Я, депортированный гомосексуалист... - [29]
Эльзасские традиции требуют, чтобы траурную процессию во время похорон матери возглавляли отец и тот из сыновей, кто еще не был женат. Мне пришлось идти во главе ее вместе с отцом, который, кстати, пережил ее ненадолго. Взглядам собравшихся я предстал бледным как полотно, с охапкой красных роз, которую положил на опущенный в могилу гроб. Затем принялся громко выть. От меня отшатнулись. Тетя плеснула мне воды в лицо, два врача ввели успокоительное средство. Никто не понимал безысходности моего разбушевавшегося горя. Кто мог догадаться, что вместе с мамой ушли все мои тайны? Что она была их единственным хранителем? Мамы больше не было, и я остался безнадежно одиноким.
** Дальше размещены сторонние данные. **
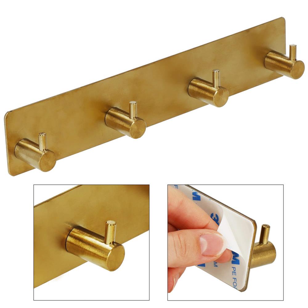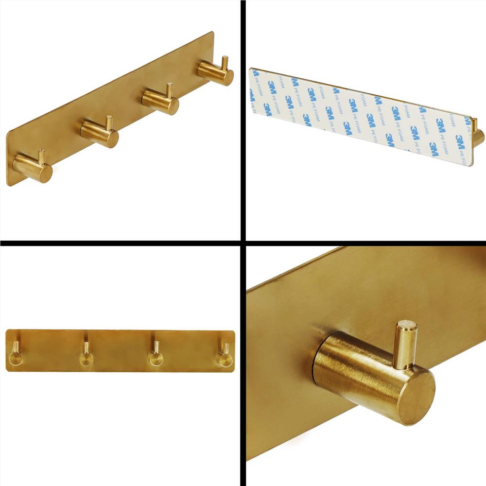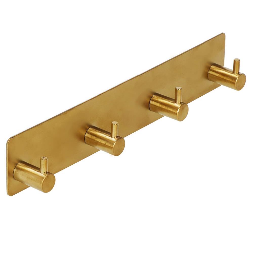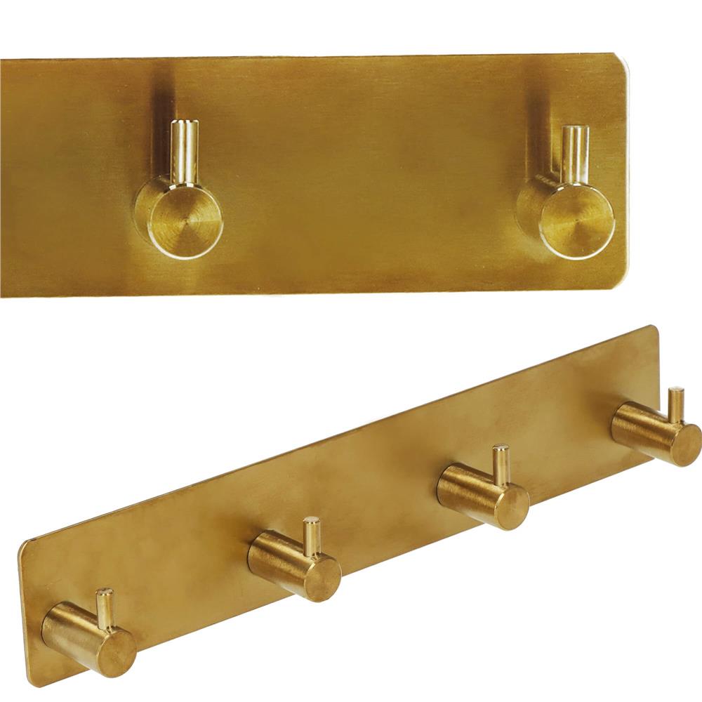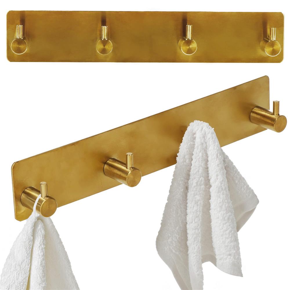 Cuier de baie pentru prosoape, montare fara gaurire, otel, 4 agatatori, 24x4.5cm, auriu Household NewTrend
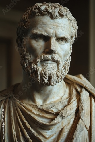 © DriftPixels, Fototapeta premium Ancient marble bust of a bearded philosopher with draped clothing in a museum setting showcasing classical art and sculpture with historical significance and artistic detail
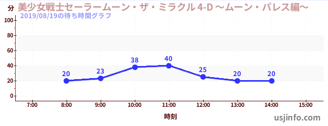 • 美少女戦士セーラームーン・ザ・ミラクル 4-D ~ムーン・パレス編~$B$N(B2019年08月19日の待ち時間
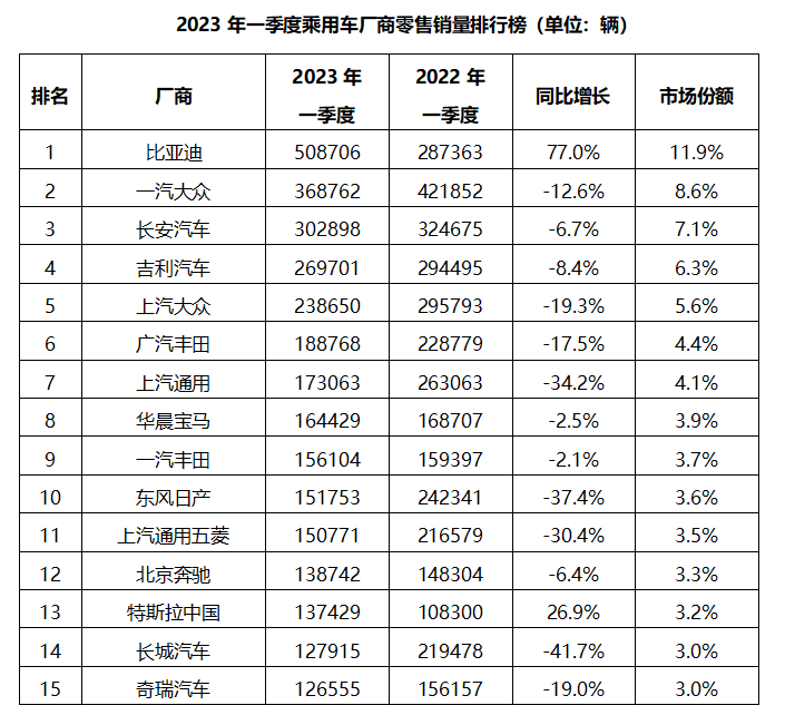 透視2023年一季度國內汽車市場發(fā)展,市場格局正面臨急劇變化。
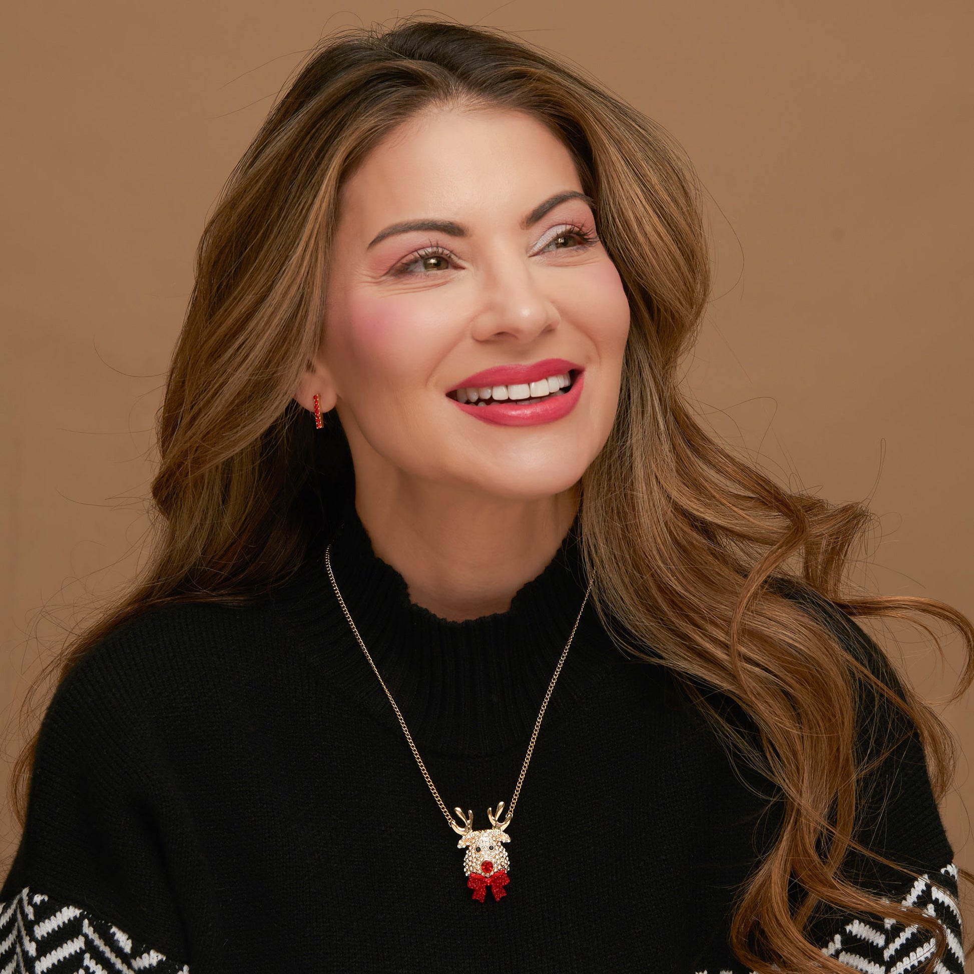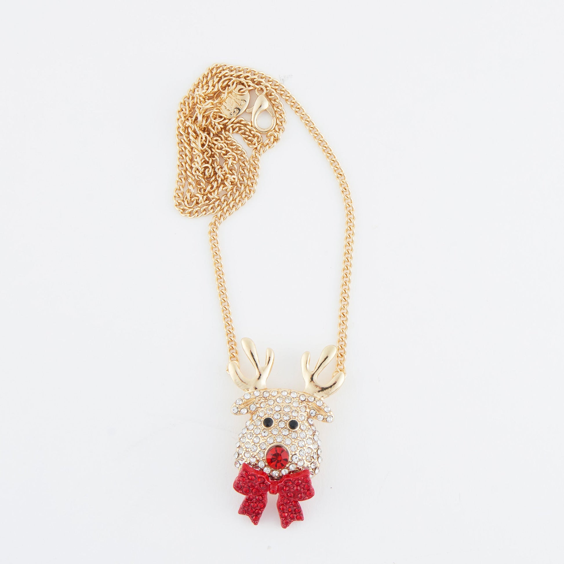 Stay festive and fun this holiday season with the Holiday Reindeer Pendant Necklace. Featuring an adorable reindeer head pendant with cute red nose and bow and studded with gemstones, this statement necklace adds cheery flair to any look.
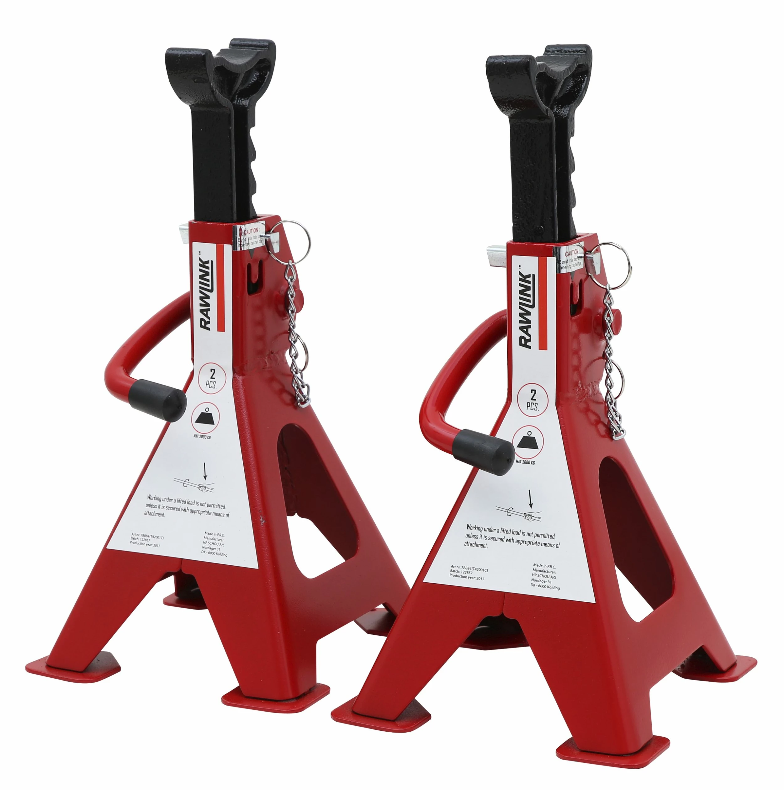Rawlink støttebukk, 2 stk, med kapasitet på 2000 kg per bukk. Min. høyde: 278 mm. Maks høyde 428 mm. I materiale stål.
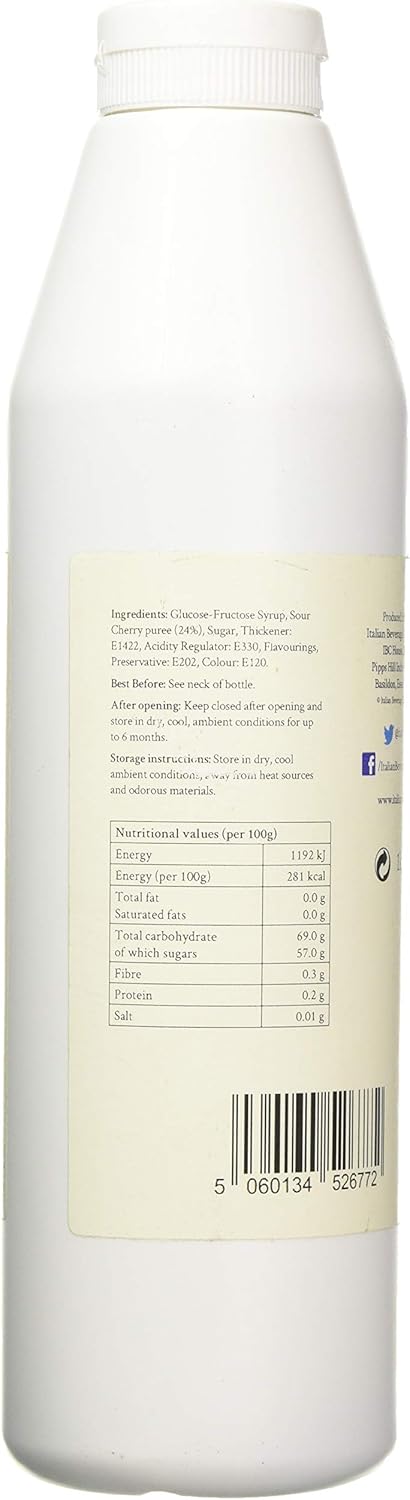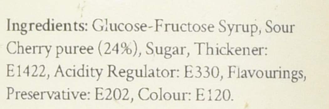• Ingredients: Glucose-Fructose Syrup, Sour Cherry puree (24%), Sugar, Thickener: E1422, Acidity Regulator: E330, Flavourings, Preservative: E202, Colour: E120
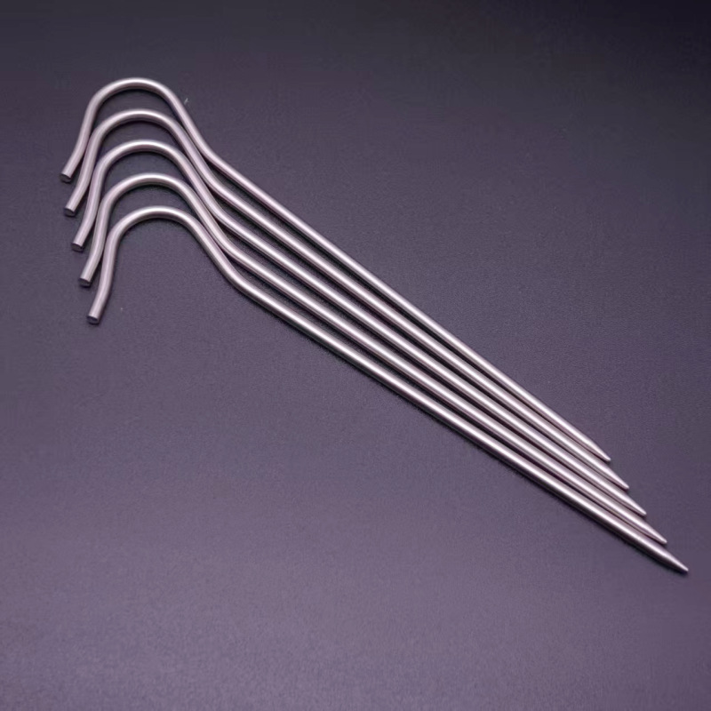 3mm Titanium Alloy Tenda Paku Tenda Titanium Berkemah Luar Ruangan Kuku Tenda Super Ringan Kanopi Langit Tanda Tanya Kait Tanah 7 Kata

Теперь нужно было переустраивать дом. Я быстро понял, что при жизни всем заправляла именно она. Я остался один с отцом. По вечерам, когда я приходил с работы, мы почти не разговаривали, скрывая наш траур под обычными ежедневными заботами, пряча тоску под сухим сожалением. Моего бедного отца вскоре разбил паралич левой половины тела. Произошло это однажды вечером, когда мы в молчании ужинали друг против друга: он как раз подносил ко рту ложку, и вот она внезапно выпала из руки. С тех пор мне приходилось каждый вечер кормить его и укладывать спать. Мне очень помогала гувернантка мадам Берта, делавшая все, что нужно, да и другие женщины из семьи тоже. Все видели, как я измучился. Собравшись на семейный совет, мы решили найти ему такое место, где о нем позаботились бы как положено. Сестра мадам Берты Серафика нашла дом для инвалидов, где смогли воссоздать интерьер его комнаты вплоть до мебели. Он умер 6 ноября 1954-го, шестидесяти семи лет, спустя тринадцать лет после моего освобождения из лагеря Ширмека, день в день. До самого конца он хранил полное молчание по поводу моей гомосексуальности: об этом мы с ним так и не сказали друг другу ни слова.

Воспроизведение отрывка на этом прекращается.